Nothing but an exact copy is asked for: the lines in the material below from the one with "14kt White Gold" through the one with "14k rose gold, 14k", pictures excluded.
= = = =
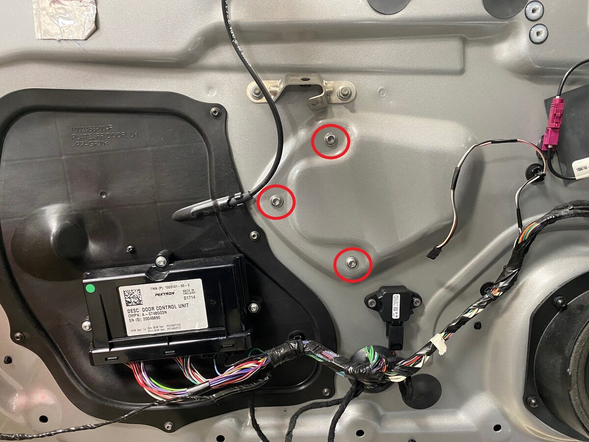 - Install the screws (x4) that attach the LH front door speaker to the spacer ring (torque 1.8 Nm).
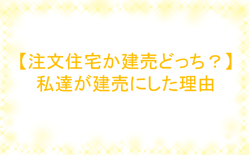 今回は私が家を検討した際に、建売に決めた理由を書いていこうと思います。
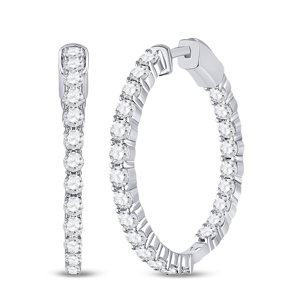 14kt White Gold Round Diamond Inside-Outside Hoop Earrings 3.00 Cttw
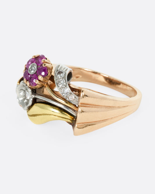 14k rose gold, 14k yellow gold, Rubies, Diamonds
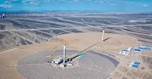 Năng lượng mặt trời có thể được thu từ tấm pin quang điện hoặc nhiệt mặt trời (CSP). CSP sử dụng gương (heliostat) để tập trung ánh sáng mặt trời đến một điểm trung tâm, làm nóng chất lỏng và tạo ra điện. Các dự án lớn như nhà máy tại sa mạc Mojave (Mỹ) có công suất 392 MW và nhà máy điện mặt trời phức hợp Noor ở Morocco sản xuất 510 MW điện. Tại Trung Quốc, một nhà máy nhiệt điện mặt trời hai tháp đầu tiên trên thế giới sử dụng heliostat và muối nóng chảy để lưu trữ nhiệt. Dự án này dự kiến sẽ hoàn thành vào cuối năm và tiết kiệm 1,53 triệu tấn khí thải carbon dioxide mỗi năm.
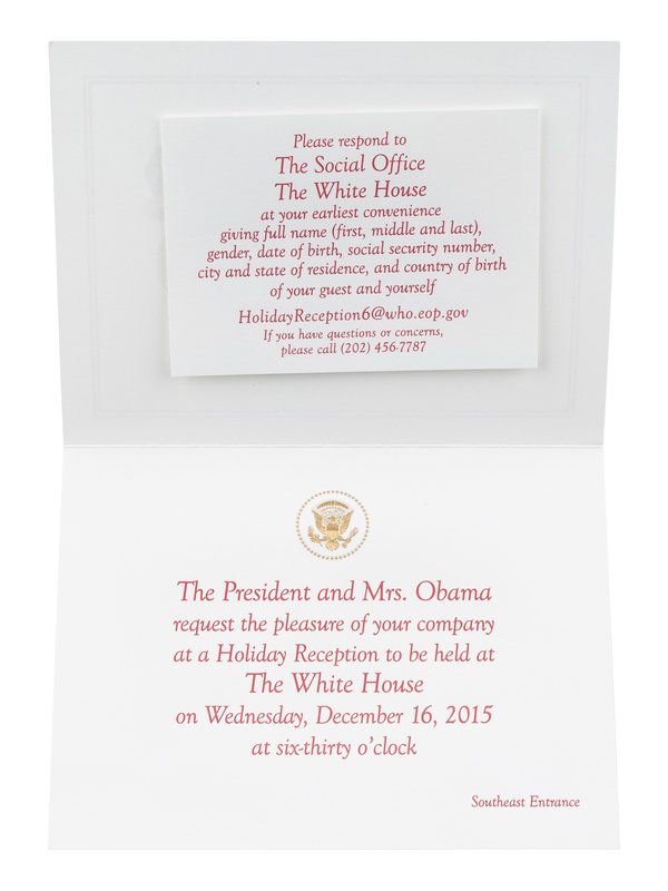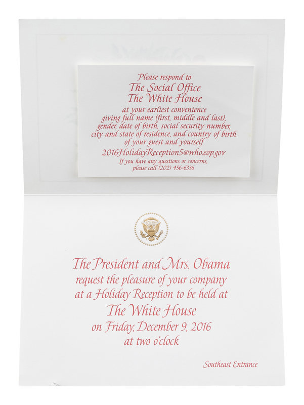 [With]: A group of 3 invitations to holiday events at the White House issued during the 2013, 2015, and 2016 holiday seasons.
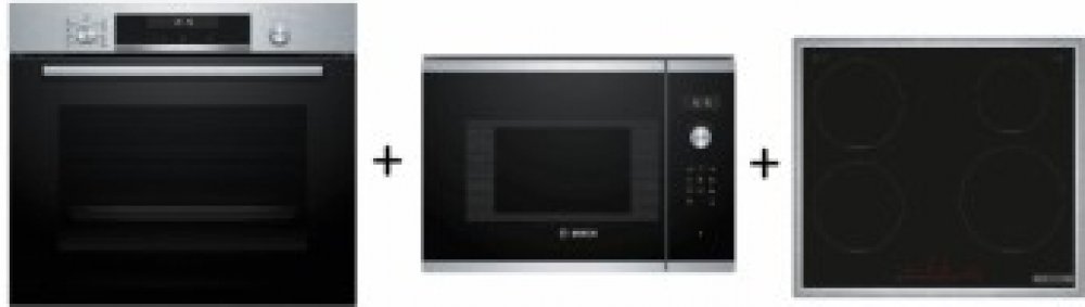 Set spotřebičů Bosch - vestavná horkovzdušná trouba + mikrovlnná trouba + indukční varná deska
= = = =
**ANSWER TO THE PROBLEM**
 14kt White Gold Round Diamond Inside-Outside Hoop Earrings 3.00 Cttw
 14k rose gold, 14k yellow gold, Rubies, Diamonds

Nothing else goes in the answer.